Assignment: Starting with the line that holds "Цель: закреплять знания" and stopping after the line that holds "在区域设置窗口,点击当前系统", repeat the lines below word for word, without the pictures.

Source material:
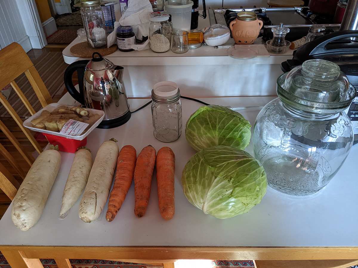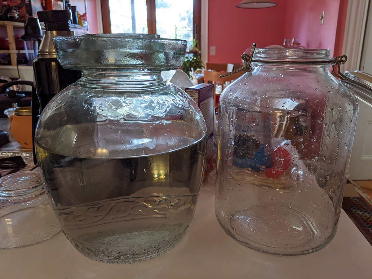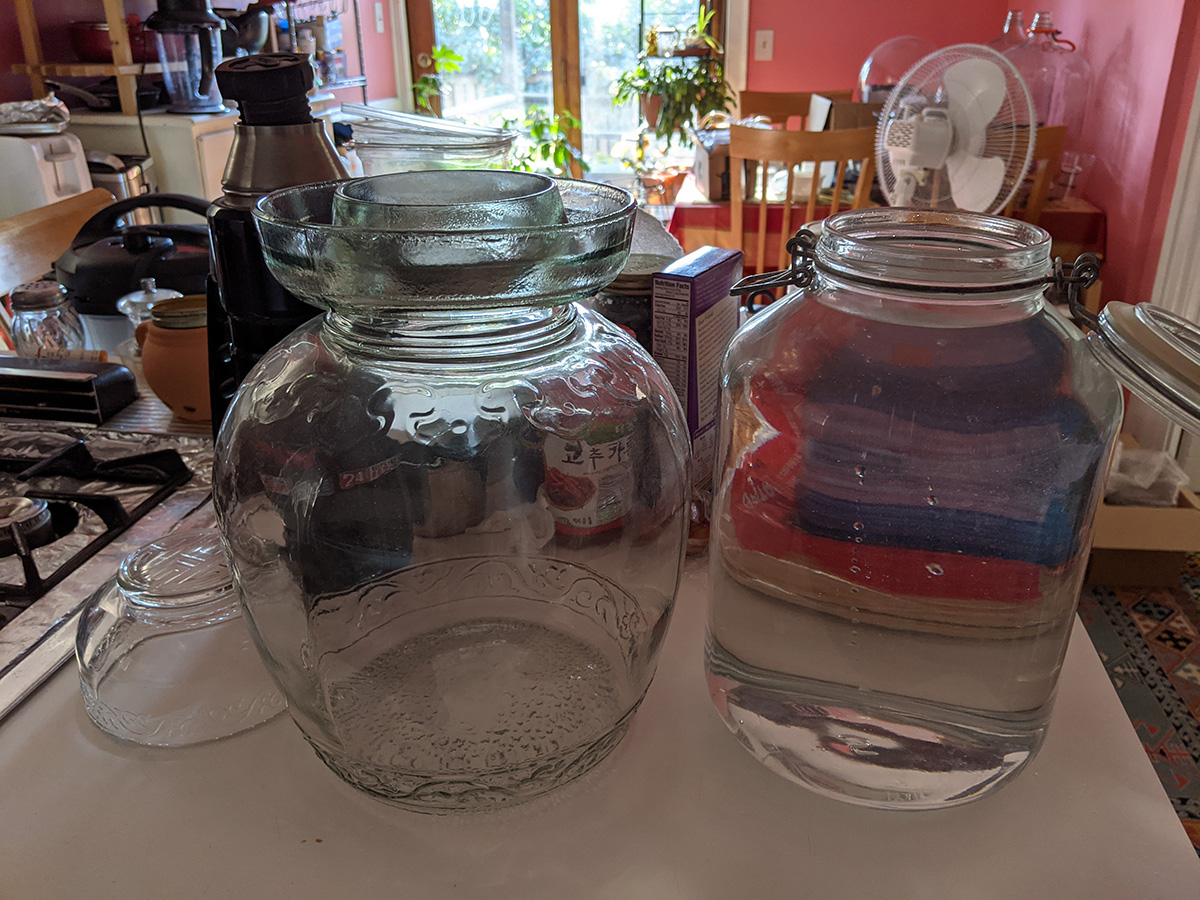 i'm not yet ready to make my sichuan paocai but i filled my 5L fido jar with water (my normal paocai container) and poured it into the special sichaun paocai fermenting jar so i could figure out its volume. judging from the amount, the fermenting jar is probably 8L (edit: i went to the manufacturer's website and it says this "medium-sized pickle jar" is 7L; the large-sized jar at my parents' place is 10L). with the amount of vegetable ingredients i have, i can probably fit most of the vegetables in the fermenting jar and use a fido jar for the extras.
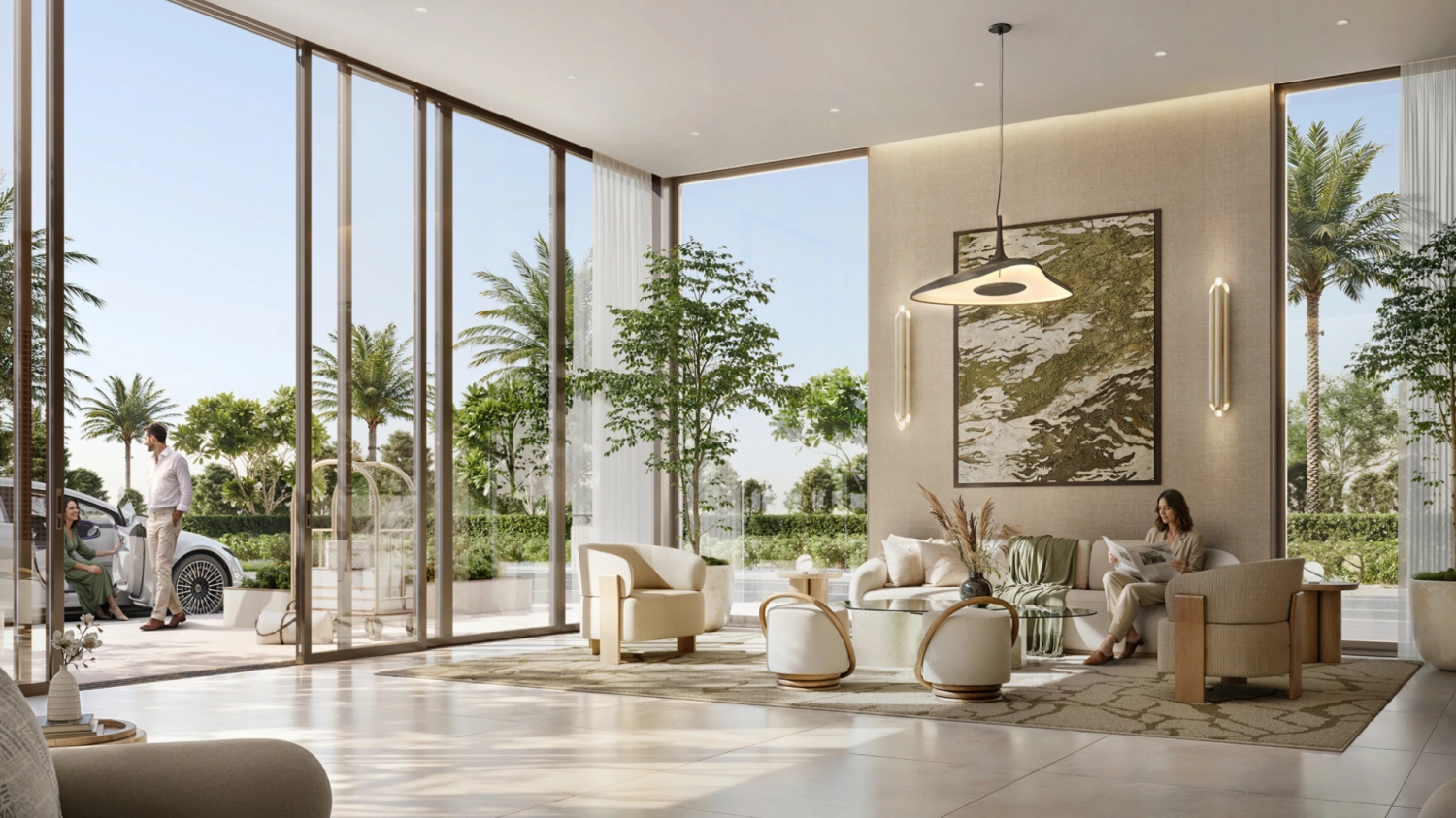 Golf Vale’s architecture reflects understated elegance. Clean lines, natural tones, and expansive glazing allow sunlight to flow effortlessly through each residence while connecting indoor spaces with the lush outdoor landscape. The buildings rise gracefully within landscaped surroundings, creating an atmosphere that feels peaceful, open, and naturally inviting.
...
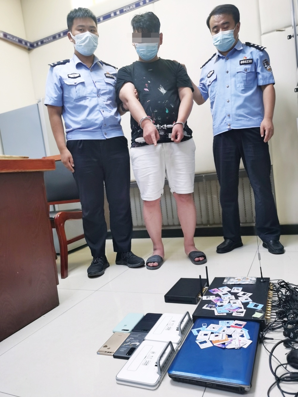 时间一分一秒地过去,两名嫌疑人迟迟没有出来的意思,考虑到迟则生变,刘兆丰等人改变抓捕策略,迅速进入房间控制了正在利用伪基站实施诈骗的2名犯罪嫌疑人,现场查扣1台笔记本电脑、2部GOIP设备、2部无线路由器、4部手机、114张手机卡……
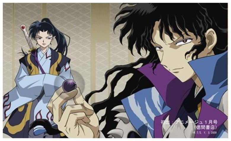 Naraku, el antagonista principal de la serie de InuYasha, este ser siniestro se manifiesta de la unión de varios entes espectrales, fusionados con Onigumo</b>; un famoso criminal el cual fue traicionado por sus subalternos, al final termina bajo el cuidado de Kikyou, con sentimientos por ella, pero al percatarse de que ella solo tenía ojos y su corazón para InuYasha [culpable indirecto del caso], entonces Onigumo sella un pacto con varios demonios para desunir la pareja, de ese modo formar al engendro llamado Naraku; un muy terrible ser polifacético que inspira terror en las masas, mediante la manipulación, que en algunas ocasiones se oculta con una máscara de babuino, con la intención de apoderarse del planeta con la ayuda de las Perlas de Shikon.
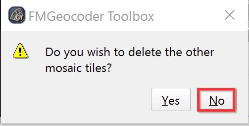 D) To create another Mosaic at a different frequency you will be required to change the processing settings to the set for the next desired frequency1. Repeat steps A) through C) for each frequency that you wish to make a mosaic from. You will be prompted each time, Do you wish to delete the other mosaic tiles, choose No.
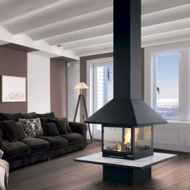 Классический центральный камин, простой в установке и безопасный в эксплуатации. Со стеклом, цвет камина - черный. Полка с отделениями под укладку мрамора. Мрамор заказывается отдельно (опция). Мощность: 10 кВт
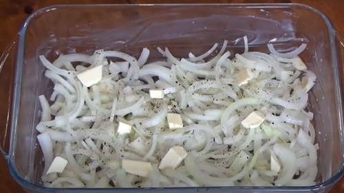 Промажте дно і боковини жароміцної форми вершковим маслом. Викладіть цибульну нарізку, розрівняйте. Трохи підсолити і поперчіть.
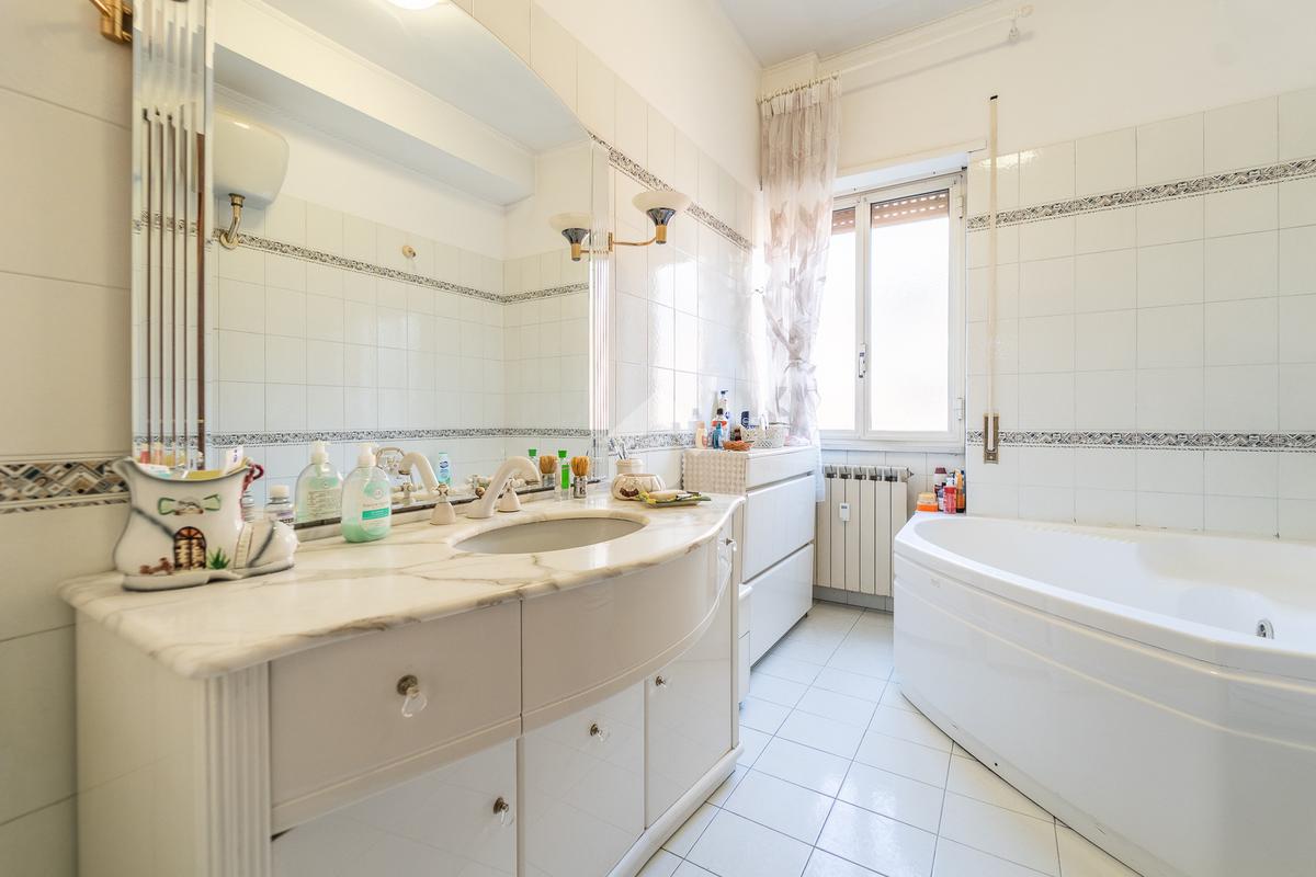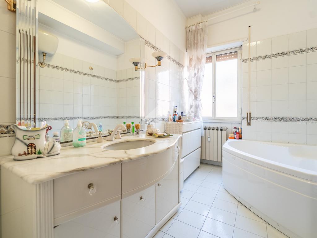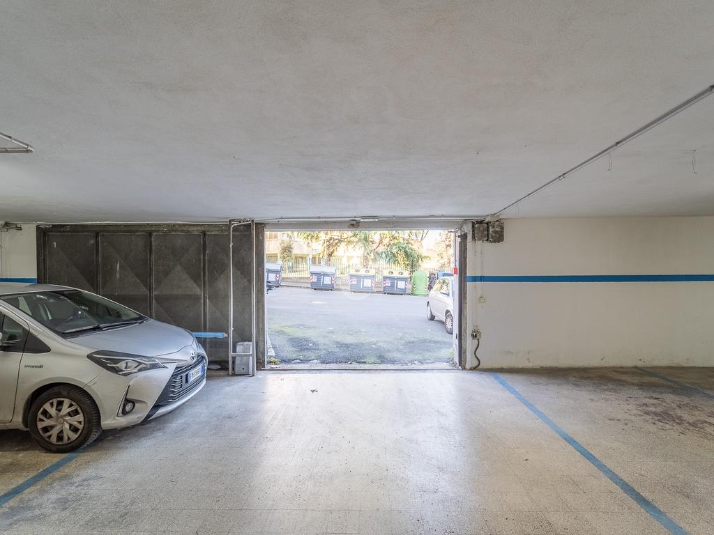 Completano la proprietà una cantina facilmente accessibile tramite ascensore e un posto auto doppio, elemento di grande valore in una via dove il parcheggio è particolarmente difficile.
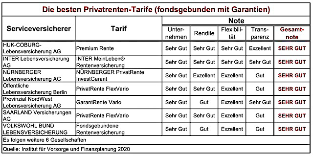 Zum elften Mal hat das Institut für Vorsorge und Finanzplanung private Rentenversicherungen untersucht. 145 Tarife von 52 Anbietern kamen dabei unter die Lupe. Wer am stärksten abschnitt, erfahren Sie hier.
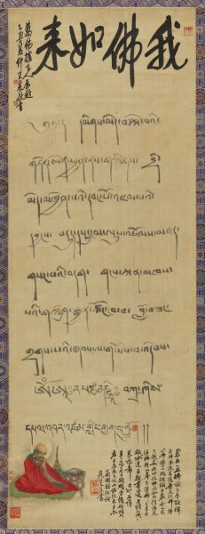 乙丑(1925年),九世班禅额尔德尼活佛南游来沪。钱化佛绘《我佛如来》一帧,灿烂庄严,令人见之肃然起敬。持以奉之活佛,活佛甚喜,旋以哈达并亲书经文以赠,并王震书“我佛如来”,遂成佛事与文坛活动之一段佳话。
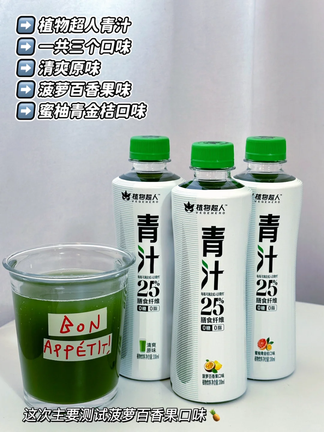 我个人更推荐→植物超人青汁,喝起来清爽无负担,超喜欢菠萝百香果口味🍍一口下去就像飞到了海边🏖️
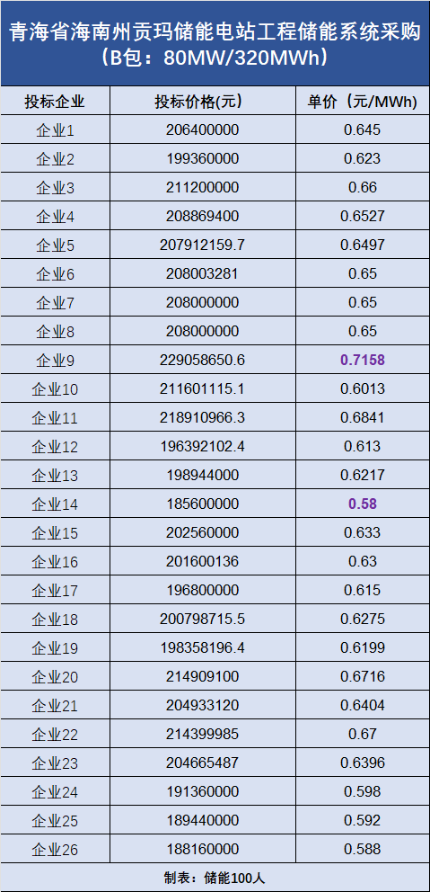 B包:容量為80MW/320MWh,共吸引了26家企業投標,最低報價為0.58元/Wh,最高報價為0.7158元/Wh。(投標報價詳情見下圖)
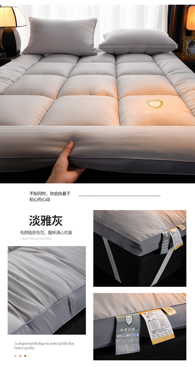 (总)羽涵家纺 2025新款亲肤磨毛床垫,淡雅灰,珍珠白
---
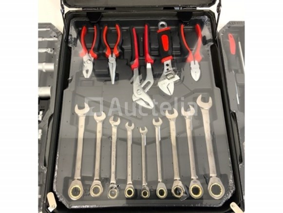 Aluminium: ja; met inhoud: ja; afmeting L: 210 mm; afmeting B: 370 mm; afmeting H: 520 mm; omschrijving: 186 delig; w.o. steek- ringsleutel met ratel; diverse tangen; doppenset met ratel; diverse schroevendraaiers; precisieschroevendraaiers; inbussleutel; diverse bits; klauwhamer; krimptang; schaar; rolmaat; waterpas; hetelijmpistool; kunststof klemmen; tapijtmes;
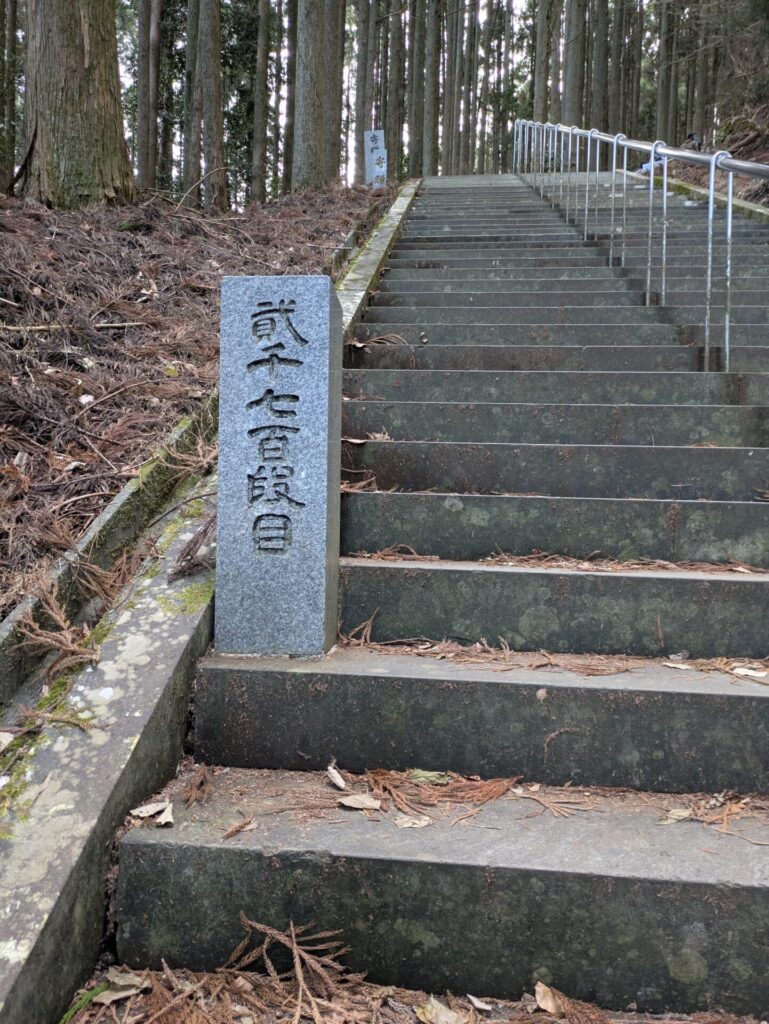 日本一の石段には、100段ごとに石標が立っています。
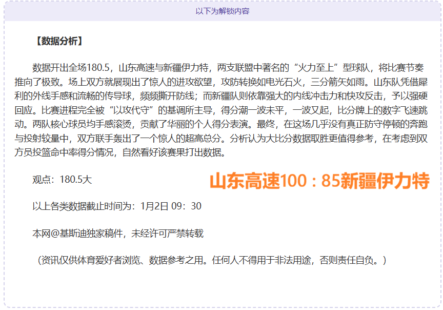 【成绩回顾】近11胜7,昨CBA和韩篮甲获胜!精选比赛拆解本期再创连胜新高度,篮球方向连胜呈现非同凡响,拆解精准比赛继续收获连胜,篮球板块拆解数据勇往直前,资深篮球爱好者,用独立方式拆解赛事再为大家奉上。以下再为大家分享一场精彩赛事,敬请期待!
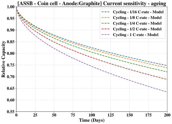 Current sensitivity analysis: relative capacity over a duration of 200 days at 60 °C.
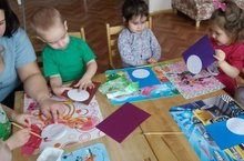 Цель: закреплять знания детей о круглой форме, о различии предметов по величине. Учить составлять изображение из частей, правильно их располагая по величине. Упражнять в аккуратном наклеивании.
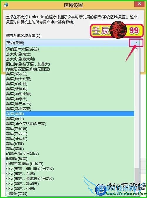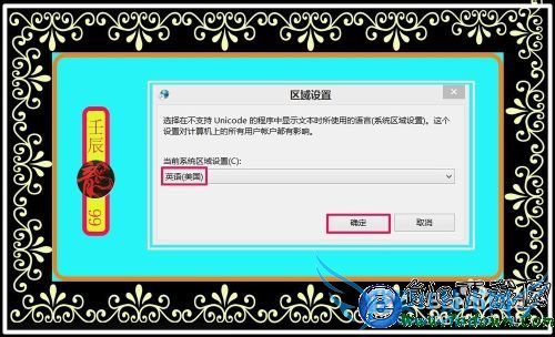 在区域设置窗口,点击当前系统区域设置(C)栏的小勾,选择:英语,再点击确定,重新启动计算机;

Your response:
 Цель: закреплять знания детей о круглой форме, о различии предметов по величине. Учить составлять изображение из частей, правильно их располагая по величине. Упражнять в аккуратном наклеивании.
 在区域设置窗口,点击当前系统区域设置(C)栏的小勾,选择:英语,再点击确定,重新启动计算机;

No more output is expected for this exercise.